Restoration of tissue damage, and never activity after hypoxia–ischemia by implantation of peripheral blood mononuclear cells

• We reported a simple and effective therapeutic approach for HI encephalopathy.
• Peripheral blood mononuclear cells survived and located in the damage area of brain.
• Peripheral blood mononuclear cells expressed neural marker after transplantation.
• Cell therapy reduced motor impairment, lesion volume and nerve cell apoptosis of rats.
• Migration of cells might be dictated by the damaged brain via SDF-1-dependent pathway.

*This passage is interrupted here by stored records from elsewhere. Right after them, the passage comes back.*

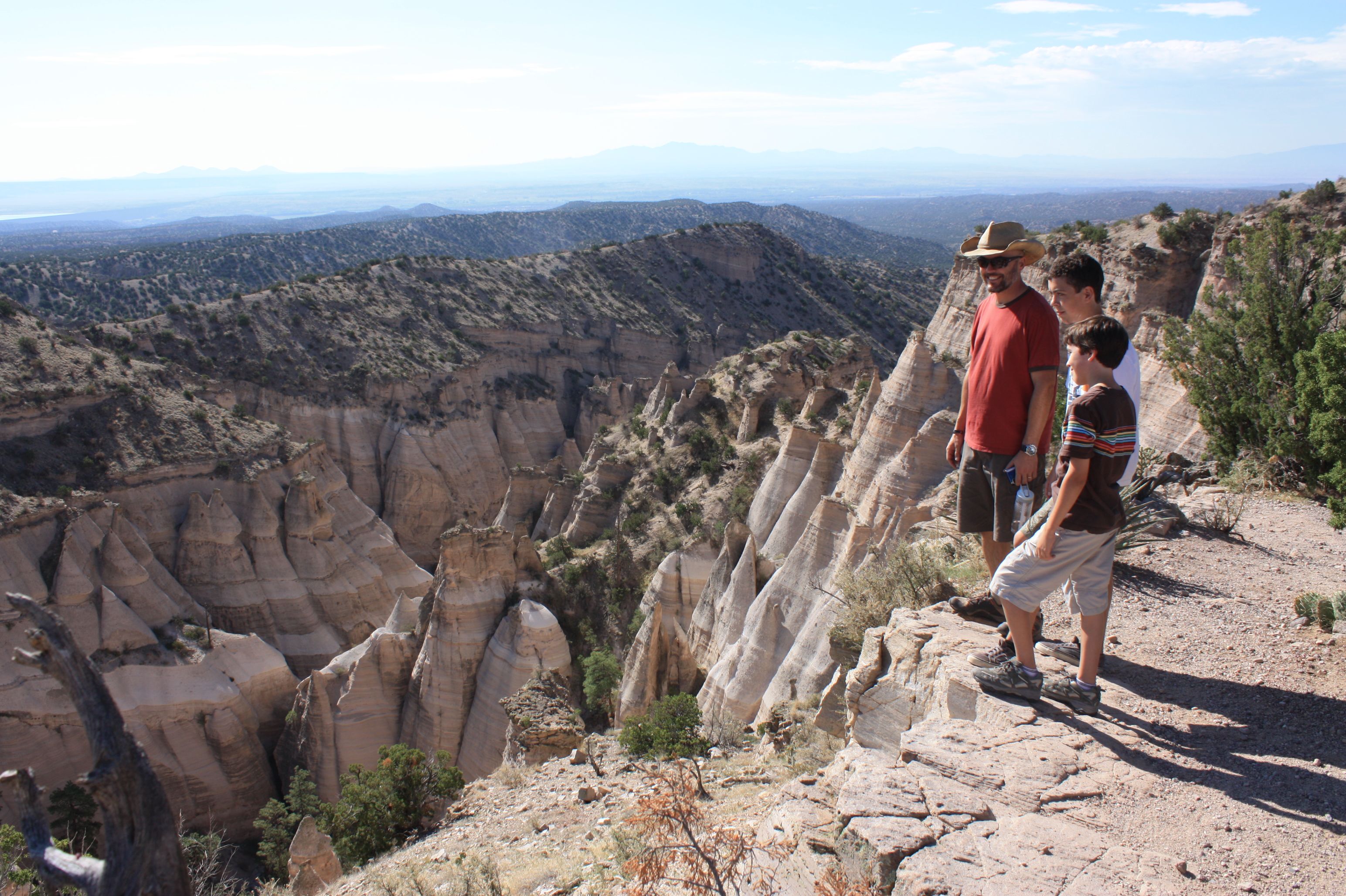 The big payoff for our hours of hiking – an amazing view of the slot canyon and tent rocks from above, plus a view all the way to our lakeside campground.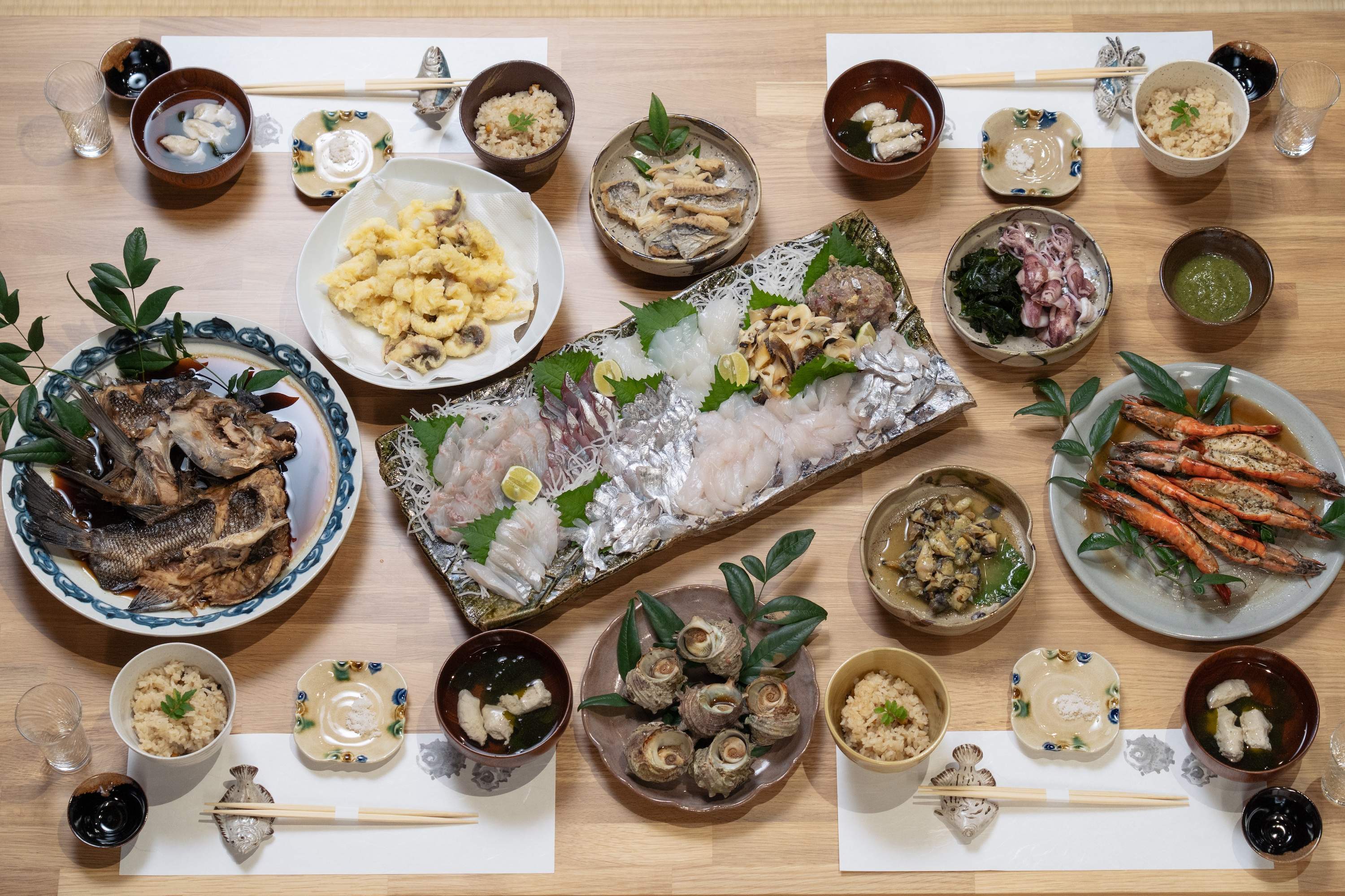 島の漁師が調理し、島で暮らすお母さんたちが配膳をし、島のみんなでおもてなしいたします。島の恵みがたっぷりのお食事をお楽しみください。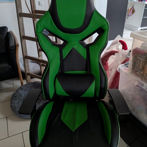 Lambjerg gaming stol med sort og grøn farvetema. Stolen har polstret sæde og rygstøtte med tilhørende nakkepude og lændepude. Justerbare armlæn og ergonomisk design til gaming og kontorbrug.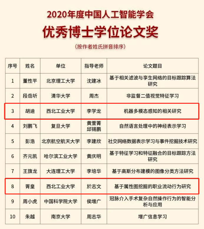 2020年度中国人工智能学会(CAAI)优秀博士学位论文评选结果已正式公布。awc777万象城娱乐官网胡迪博士的论文《机器多模态感知的相关研究》、胥皇博士的论文《基于属性图挖掘的职业流动行为研究》被评为2020年度中国人工智能学会的优秀博士学位论文,导师分别为李学龙教授,於志文教授。

Hypoxia–ischemia (HI) encephalopathy is a frequent cause of disability and mortality with limited therapeutic options. Here, we collected peripheral blood mononuclear cells (PB-MNCs) from healthy donors and labeled them with CM-DiI before implanting these cells by tail-vein injection into rats at day 3 after hypoxia–ischemia (HI). For immune-suppression the animals received daily injections of cyclosporine throughout the experiment, commencing 24 h before cell transplantation. Then we observed the PB-MNCs by fluorescent microscopy, examined motor function of rats by rotarod and cylinder tests, measured the lesion volume using image-pro plus software, and analyzed the apoptosis of neural cells in HI rats by tunnel assay. The results showed PB-MNCs could survive in the brain of hosts, migrate to the damage area and express neural marker. In addition, The HI rats that received PB-MNCs showed a reduction in motor function impairment, lesion volume and neural cell apoptosis. To better understand the mechanism of cell migration, PB-MNCs were also injected into normal rats via tail-vein. The expression of stromal cell-derived factor-1 (SDF-1) in the brain of normal and HI rats was measured by RT- PCR and western-blot, while the response of PB-MNCs in vitro to HI or normal brain extracts were measured by cell migration assay. Collectively these data suggest that the migration of PB-MNCs is directed to the damaged brain through an SDF-1-dependent pathway. Our results suggest that intravenous transplantation of PB-MNCs may be a feasible candidate for HI therapy.